- Recorded data
--------

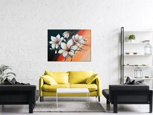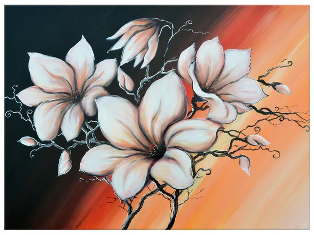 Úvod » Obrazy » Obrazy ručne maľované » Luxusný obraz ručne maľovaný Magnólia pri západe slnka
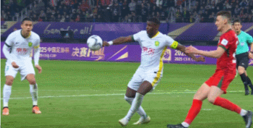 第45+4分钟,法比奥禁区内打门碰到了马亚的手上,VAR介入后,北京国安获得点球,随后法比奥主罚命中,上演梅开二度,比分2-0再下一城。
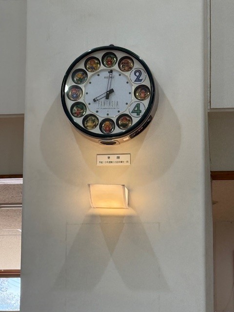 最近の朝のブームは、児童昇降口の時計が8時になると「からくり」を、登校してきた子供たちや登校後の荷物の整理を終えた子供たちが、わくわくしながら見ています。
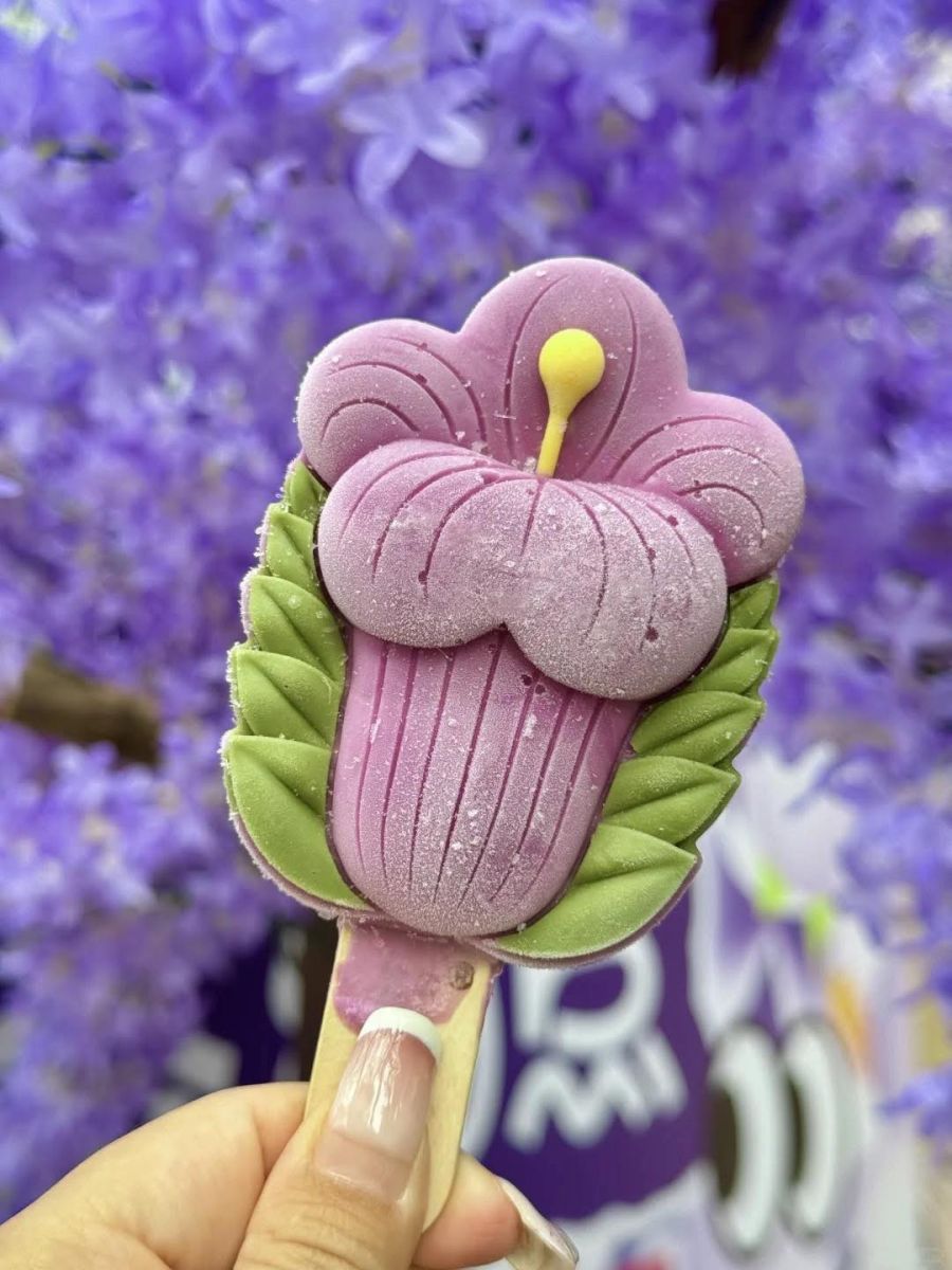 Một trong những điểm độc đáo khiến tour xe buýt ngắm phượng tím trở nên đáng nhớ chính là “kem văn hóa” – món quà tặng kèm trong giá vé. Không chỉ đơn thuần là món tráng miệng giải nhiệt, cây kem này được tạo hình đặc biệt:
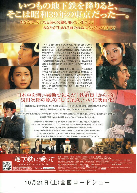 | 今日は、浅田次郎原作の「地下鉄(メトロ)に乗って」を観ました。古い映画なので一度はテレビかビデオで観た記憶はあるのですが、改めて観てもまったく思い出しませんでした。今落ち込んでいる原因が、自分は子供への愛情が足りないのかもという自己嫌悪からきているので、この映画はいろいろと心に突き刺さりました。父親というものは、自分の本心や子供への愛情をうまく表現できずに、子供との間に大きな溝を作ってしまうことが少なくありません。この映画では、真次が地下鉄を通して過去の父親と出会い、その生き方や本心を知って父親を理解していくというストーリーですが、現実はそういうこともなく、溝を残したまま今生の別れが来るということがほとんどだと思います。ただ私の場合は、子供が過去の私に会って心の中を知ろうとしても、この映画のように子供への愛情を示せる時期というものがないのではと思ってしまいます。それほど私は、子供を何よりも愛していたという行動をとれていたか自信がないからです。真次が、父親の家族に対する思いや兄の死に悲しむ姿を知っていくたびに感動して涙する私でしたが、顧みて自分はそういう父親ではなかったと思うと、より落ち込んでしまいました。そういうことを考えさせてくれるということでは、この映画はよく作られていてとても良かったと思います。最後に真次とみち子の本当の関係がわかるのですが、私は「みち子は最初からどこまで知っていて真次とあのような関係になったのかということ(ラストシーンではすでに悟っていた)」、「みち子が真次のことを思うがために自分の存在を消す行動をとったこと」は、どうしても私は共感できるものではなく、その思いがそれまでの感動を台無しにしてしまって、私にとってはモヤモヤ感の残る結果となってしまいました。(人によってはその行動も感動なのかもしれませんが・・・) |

--------

- Required action
Give back all the records as they stand, but with no pictures in the copy.

- Your solution
 Úvod » Obrazy » Obrazy ručne maľované » Luxusný obraz ručne maľovaný Magnólia pri západe slnka
 第45+4分钟,法比奥禁区内打门碰到了马亚的手上,VAR介入后,北京国安获得点球,随后法比奥主罚命中,上演梅开二度,比分2-0再下一城。
 最近の朝のブームは、児童昇降口の時計が8時になると「からくり」を、登校してきた子供たちや登校後の荷物の整理を終えた子供たちが、わくわくしながら見ています。
 Một trong những điểm độc đáo khiến tour xe buýt ngắm phượng tím trở nên đáng nhớ chính là “kem văn hóa” – món quà tặng kèm trong giá vé. Không chỉ đơn thuần là món tráng miệng giải nhiệt, cây kem này được tạo hình đặc biệt:
 | 今日は、浅田次郎原作の「地下鉄(メトロ)に乗って」を観ました。古い映画なので一度はテレビかビデオで観た記憶はあるのですが、改めて観てもまったく思い出しませんでした。今落ち込んでいる原因が、自分は子供への愛情が足りないのかもという自己嫌悪からきているので、この映画はいろいろと心に突き刺さりました。父親というものは、自分の本心や子供への愛情をうまく表現できずに、子供との間に大きな溝を作ってしまうことが少なくありません。この映画では、真次が地下鉄を通して過去の父親と出会い、その生き方や本心を知って父親を理解していくというストーリーですが、現実はそういうこともなく、溝を残したまま今生の別れが来るということがほとんどだと思います。ただ私の場合は、子供が過去の私に会って心の中を知ろうとしても、この映画のように子供への愛情を示せる時期というものがないのではと思ってしまいます。それほど私は、子供を何よりも愛していたという行動をとれていたか自信がないからです。真次が、父親の家族に対する思いや兄の死に悲しむ姿を知っていくたびに感動して涙する私でしたが、顧みて自分はそういう父親ではなかったと思うと、より落ち込んでしまいました。そういうことを考えさせてくれるということでは、この映画はよく作られていてとても良かったと思います。最後に真次とみち子の本当の関係がわかるのですが、私は「みち子は最初からどこまで知っていて真次とあのような関係になったのかということ(ラストシーンではすでに悟っていた)」、「みち子が真次のことを思うがために自分の存在を消す行動をとったこと」は、どうしても私は共感できるものではなく、その思いがそれまでの感動を台無しにしてしまって、私にとってはモヤモヤ感の残る結果となってしまいました。(人によってはその行動も感動なのかもしれませんが・・・) |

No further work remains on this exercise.